* _ASSIGNED TASK_:
Reproduce exactly, leaving out pictures, each line from the one holding "Hudson Reed Tec" through the final line of the listing, and add nothing.

(Beginning of RECORDED INFORMATION)

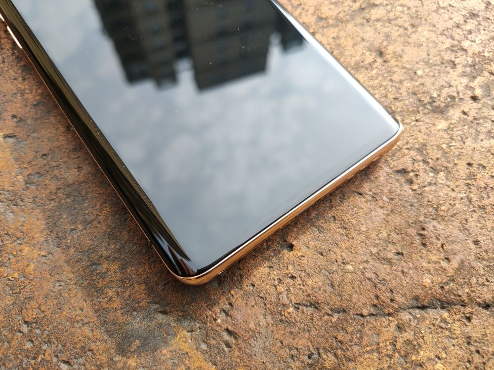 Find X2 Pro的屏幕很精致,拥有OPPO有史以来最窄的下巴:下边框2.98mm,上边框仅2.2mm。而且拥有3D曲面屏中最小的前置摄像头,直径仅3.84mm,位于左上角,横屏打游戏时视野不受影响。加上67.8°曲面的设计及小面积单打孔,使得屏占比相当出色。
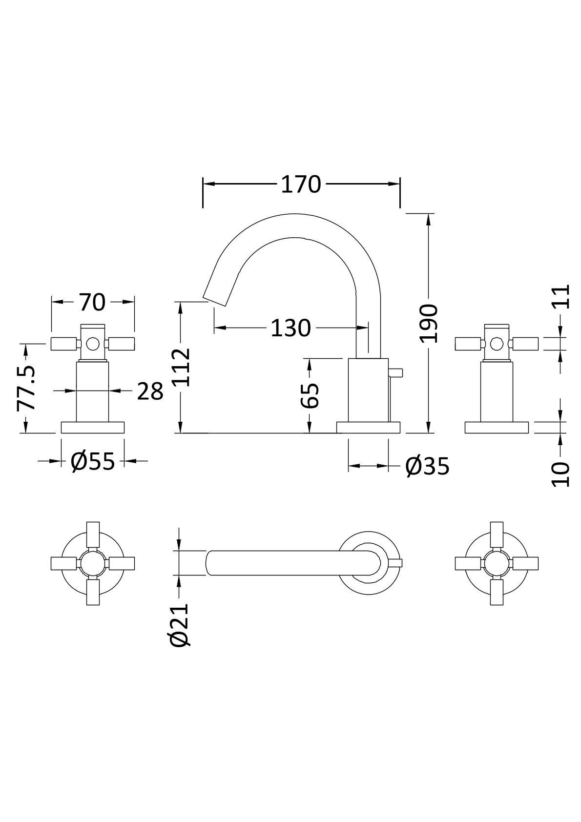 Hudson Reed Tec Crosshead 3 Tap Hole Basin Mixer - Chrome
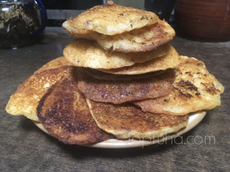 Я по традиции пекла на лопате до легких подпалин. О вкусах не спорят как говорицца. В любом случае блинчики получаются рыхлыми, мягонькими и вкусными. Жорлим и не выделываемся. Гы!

(End of RECORDED INFORMATION)

* _EXERCISE SOLUTION_:
 Hudson Reed Tec Crosshead 3 Tap Hole Basin Mixer - Chrome
 Я по традиции пекла на лопате до легких подпалин. О вкусах не спорят как говорицца. В любом случае блинчики получаются рыхлыми, мягонькими и вкусными. Жорлим и не выделываемся. Гы!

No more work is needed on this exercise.